-------- RECORDS SUPPLIED
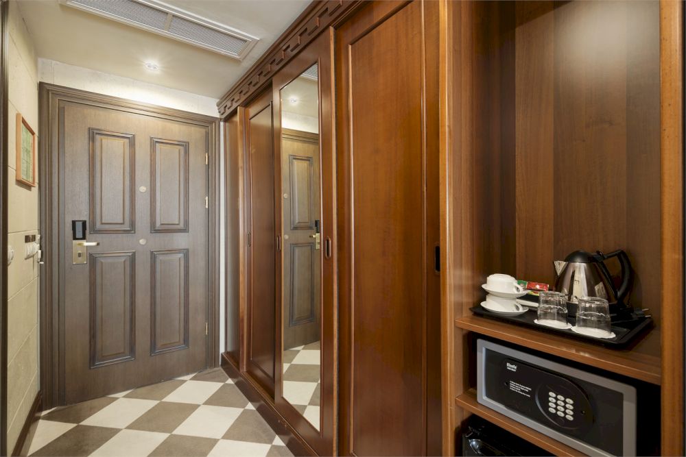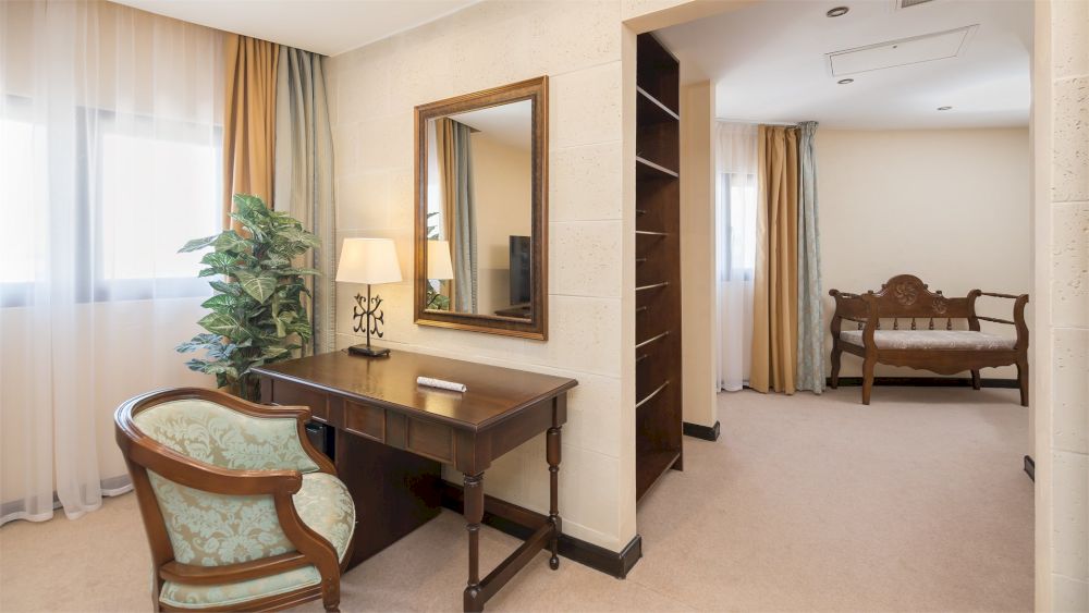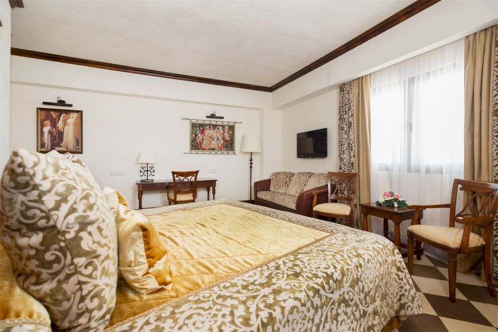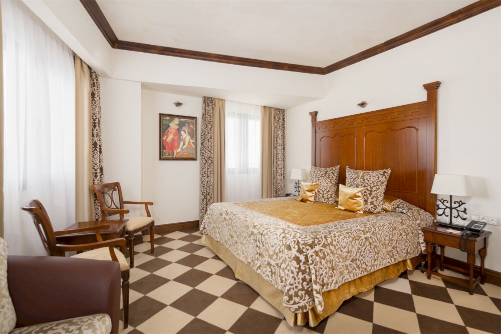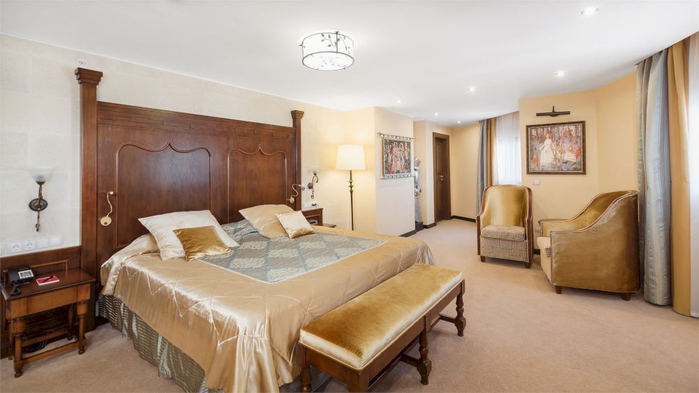 Сюит этой категории включает в себя спальную комнату с большой французской кроватью, гостевой санузел и просторную гардеробную. Доп.место -диван или еврораскладушка. В ванной комнате ванна и душ. Максимальная вместимость номера - 2 чел. 2 доп. места
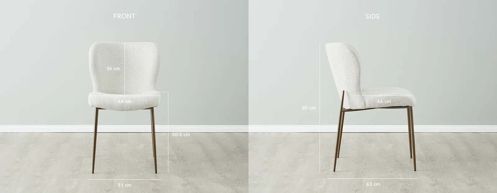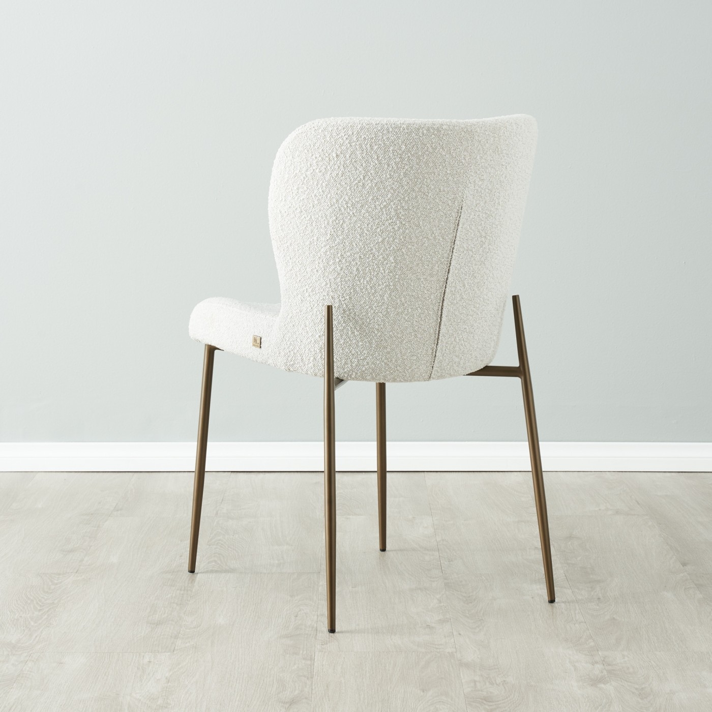 The Hailey features a striking Bronze metal frame that extends over the seat's backrest. This unconventional leg frame makes for quite the striking sight as it adds a uniqueness that makes the Hailey Snow White Boucle Dining Chair stand out. The Hailey Dining Chair comes in many fabric and colour variants. It works best in a set along with one of our gorgeous dining tables.
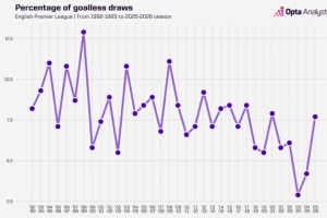 Opta指出,本赛季英超0-0比赛占比7.7%,2020-2021赛季(7.9%)之后最高。
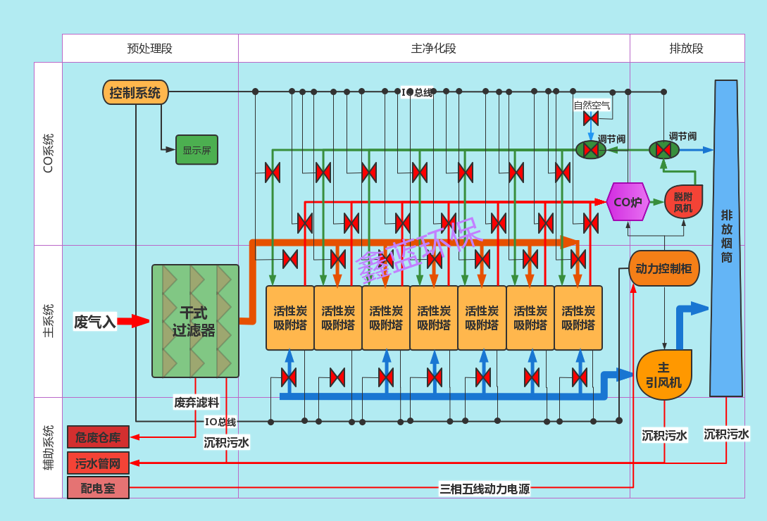 1.干式過濾箱2.活性炭吸附箱3.催化燃燒設備4.管道5.電控系統5.安全系統
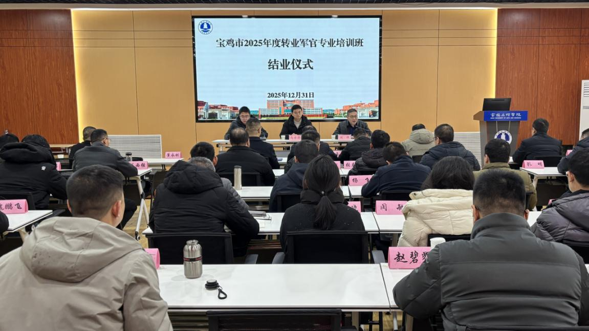 12月31日上午,开元经济管理学院承办的宝鸡市2025年度转业军官专业培训班结业仪式在高新校区尚能楼318报告厅举行。学院院长刘辉、宝鸡市退役军人事务局干部安置科马力德主任参加结业仪式。
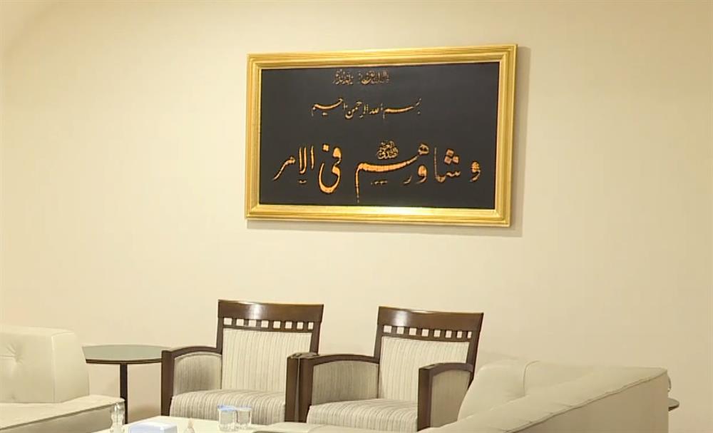 CHP Grup Başkanvekili Özgür Özel, TBMM Genel Kurul Salonu'nun Başkanlık Divanı'nın arkasındaki odada yapılan tadilatları eleştirerek, duvarlara asılan yüce kitabımız Kur'an-ı Kerim'deki ayetten rahatsız oldu.
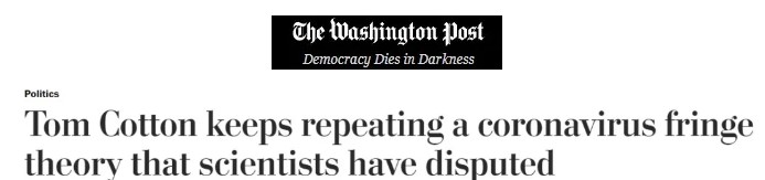 這位來自阿肯色州的參議員曾多次表示,雖然他沒有證據(jù)證明病毒起源于實(shí)驗(yàn)室,但是必須要尋找相關(guān)證據(jù),這些表態(tài)其實(shí)已經(jīng)帶有非常強(qiáng)烈的有罪推定的色彩。其他一味鼓吹叫囂實(shí)驗(yàn)室泄漏的人也從未拿出實(shí)質(zhì)性的證據(jù)。《華盛頓郵報(bào)》指出,以湯姆·科頓為代表的觀點(diǎn)就是一場(chǎng)陰謀論。
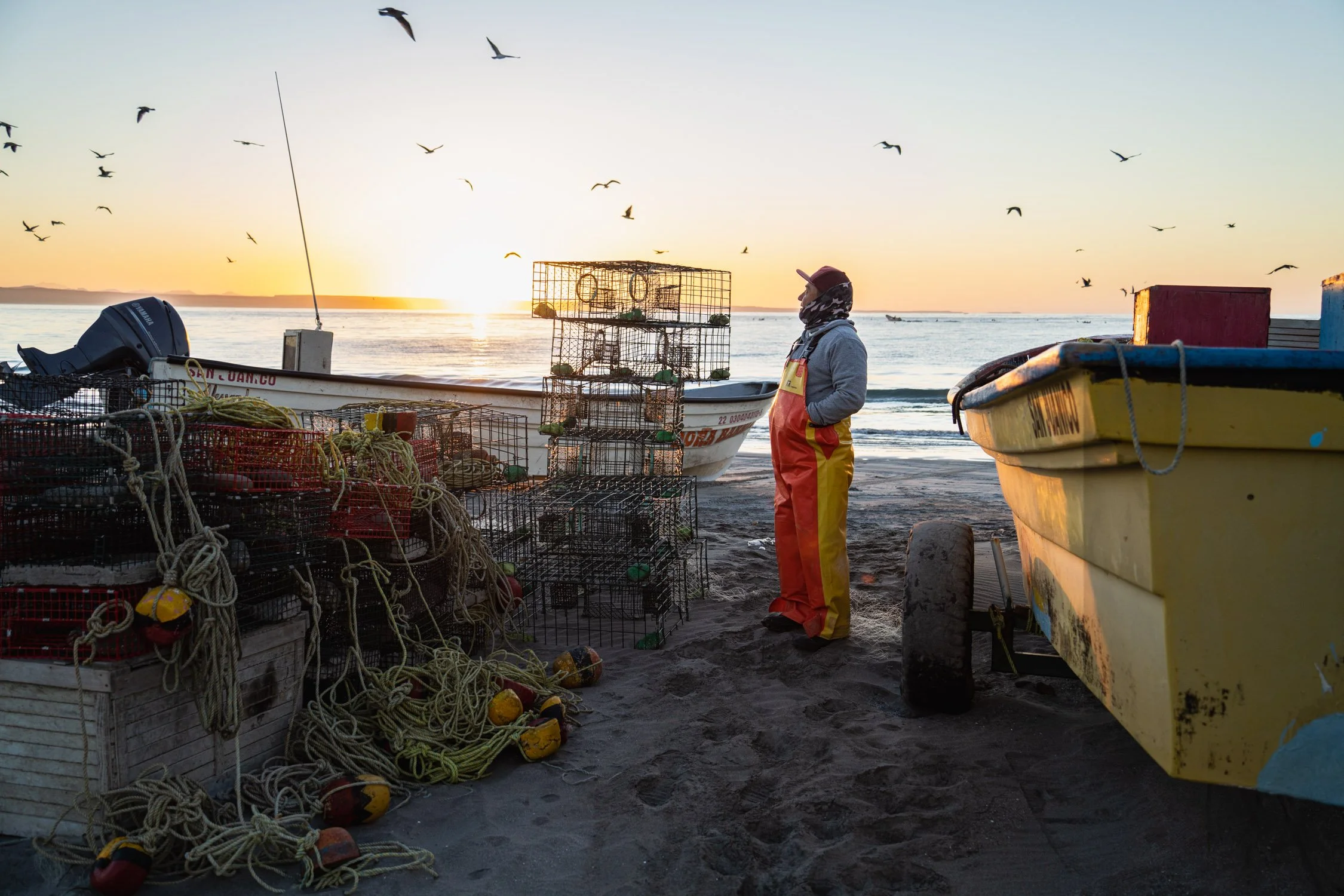 Little did I know that by sticking around I would get in with the local fisherman and have the opportunity to join them one cold morning with my camera. Loaded up in a boat, there were four of us, lobster pots, and squid pots. Heading out onto the Pacific Ocean in this little panga was crazy! I mean, the four of us worked around each other all day long as we pulled in lobster and squid. Working to keep the boat balanced, we reeled in lobster pots. Some were empty and some were full.
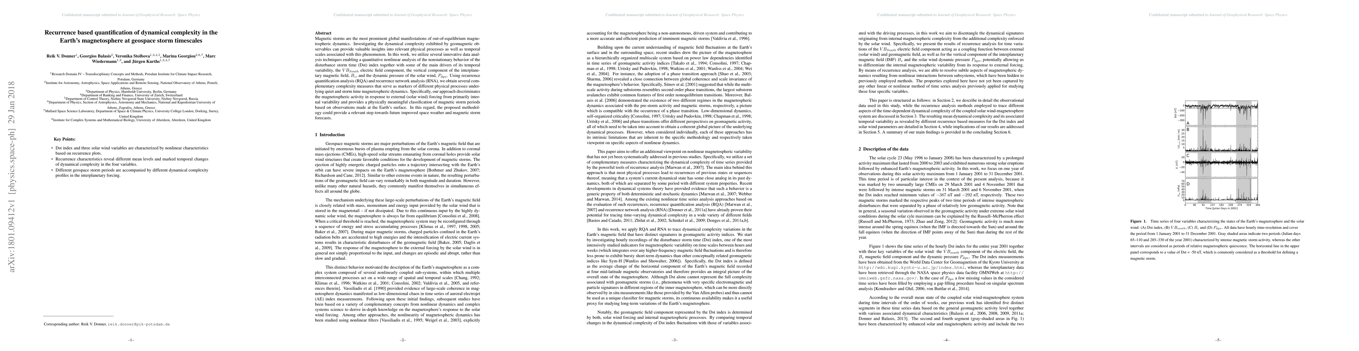 A new study uses data analysis techniques to quantify complexity in the Earth's magnetosphere during magnetic storms, providing insights into physical processes and storm forecasts.
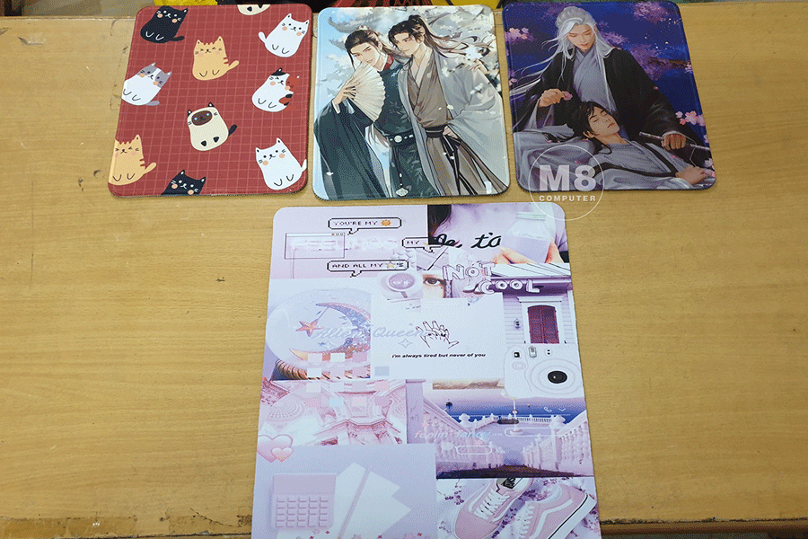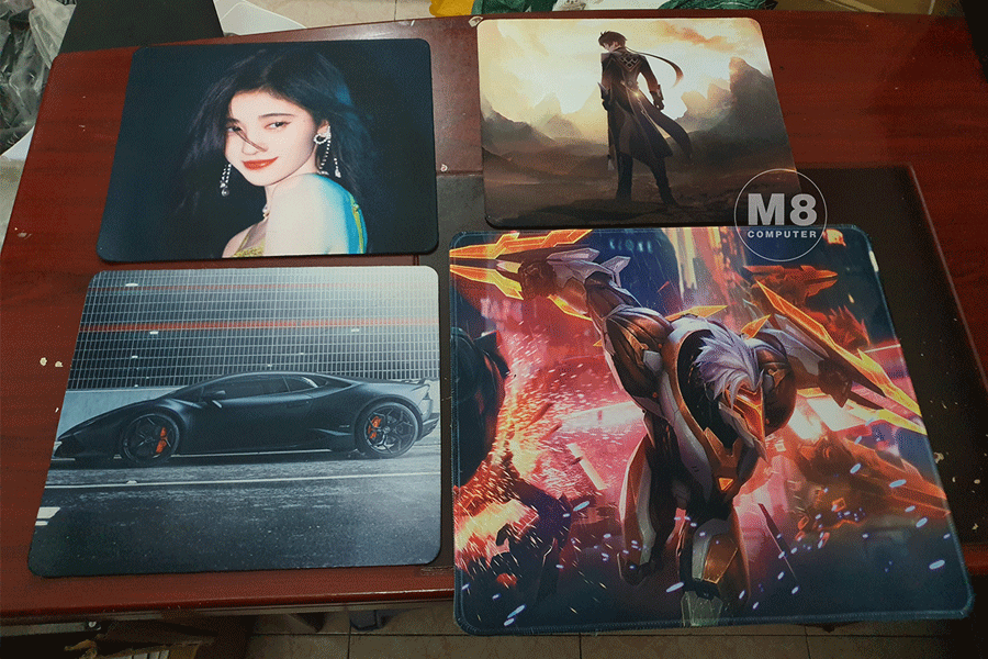 - M8 Computer Chuyên Dịch Vụ In Lót Chuột Theo Yêu Cầu "lấy ngay" trong ngày tại Hà Nội - Shop nhận in mọi hình ảnh anh em muốn từ số lượng 1 tấm đến hàng nghìn tấm kích thước 25x30cm theo yêu cầu. Ngoài kích thước này bên shop còn in các kích thước khác như: 21x26cm, 40x45cm hoặc 30x80cm. Cam kết với anh em lót chuột in theo yêu cầu ra không bị mờ, phai màu sau thời gian sử dụng.
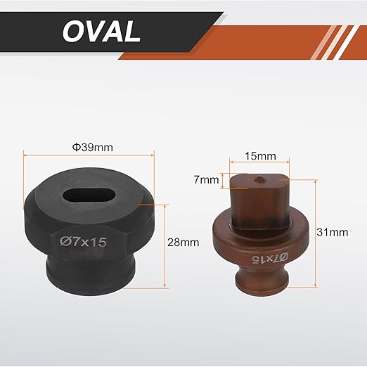 - Size - Hole Punch Die Shape: Oval; Upper hole dia: Φ7x15mm; Hardness: HRC56-58; Upper die height: 31mm; Lower die height: 28mm; Lower die diameter: 39mm.
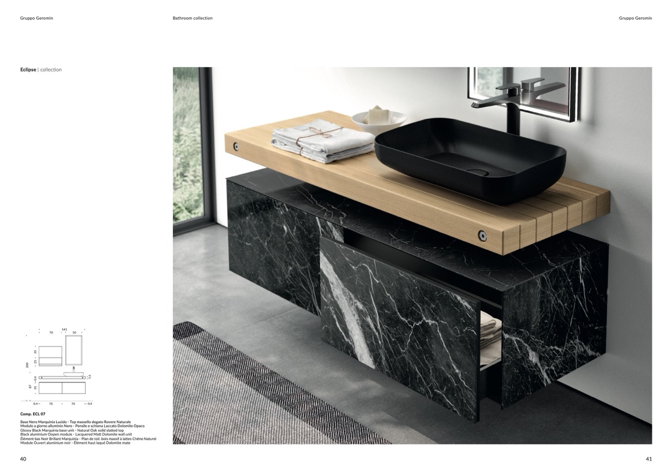 Base Nero Marquinia Lucido - Top massello dogato Rovere Naturale
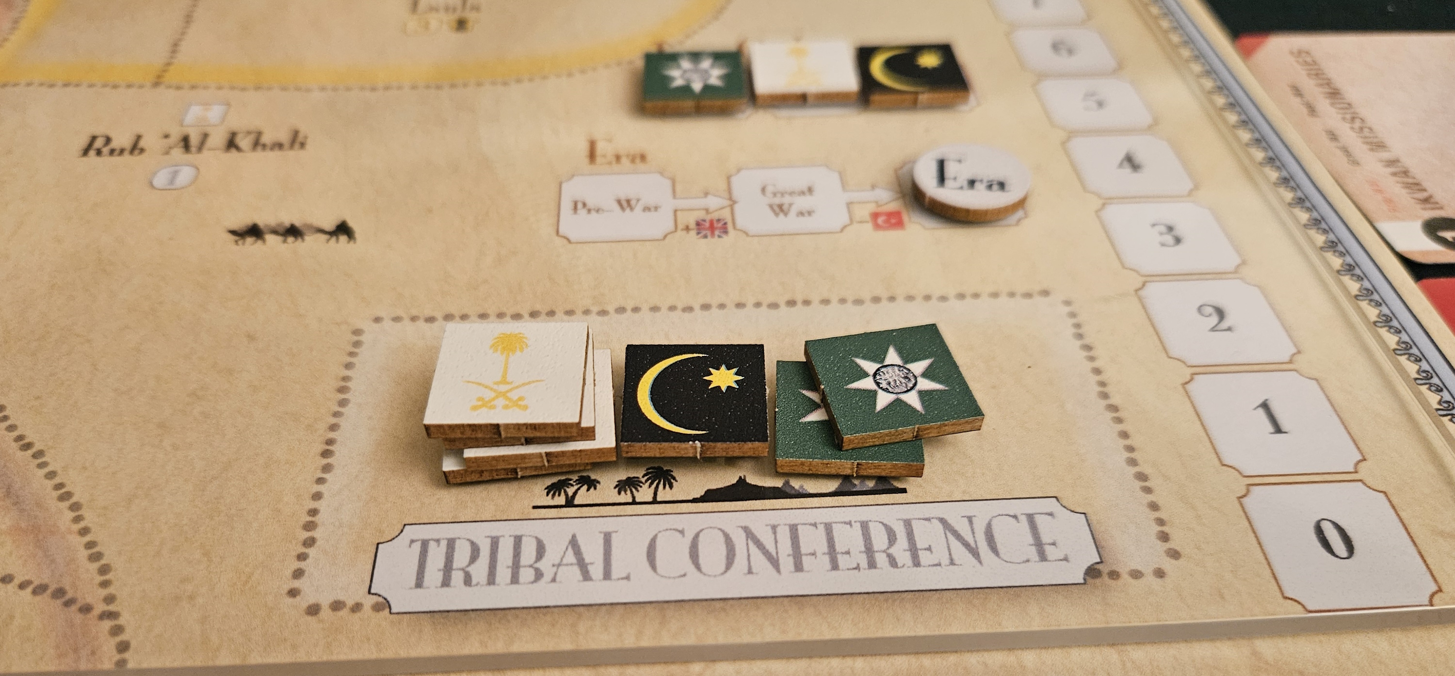 Let’s talk victory. Points in Arabian Struggle come from three sources, with each avenue demanding its own considerations. First is battle. Winning an attack might award a point. Might. In order to win a “great” victory, and therefore earn a victory point, you need to fully rout your opposition. That means emptying the space you invaded of opposing pieces. This naturally lends itself to easy victories, swooping two or three chits into a territory with only a single enemy chit, lest your rival survive their casualty roll and force your troops to retreat. In turn, this encourages a different sort of thinking about warfare. Big clashes produce big swings, and are often essential for seizing major territory, but they’re also dangerous. Minor battles prove your tribe’s prowess and earn points. It’s a fitting contrast for a conflict where the Saudi conquest of Riyadh consisted of fewer than a hundred fighters per side.
----------------
■ **EXERCISE**: Output exactly those lines of the data above that run from the line with "A new study" up to and including the line with "Base Nero Marquinia". No pictures go in.

■ **RESPONSE**:
 A new study uses data analysis techniques to quantify complexity in the Earth's magnetosphere during magnetic storms, providing insights into physical processes and storm forecasts.
 - M8 Computer Chuyên Dịch Vụ In Lót Chuột Theo Yêu Cầu "lấy ngay" trong ngày tại Hà Nội - Shop nhận in mọi hình ảnh anh em muốn từ số lượng 1 tấm đến hàng nghìn tấm kích thước 25x30cm theo yêu cầu. Ngoài kích thước này bên shop còn in các kích thước khác như: 21x26cm, 40x45cm hoặc 30x80cm. Cam kết với anh em lót chuột in theo yêu cầu ra không bị mờ, phai màu sau thời gian sử dụng.
 - Size - Hole Punch Die Shape: Oval; Upper hole dia: Φ7x15mm; Hardness: HRC56-58; Upper die height: 31mm; Lower die height: 28mm; Lower die diameter: 39mm.
 Base Nero Marquinia Lucido - Top massello dogato Rovere Naturale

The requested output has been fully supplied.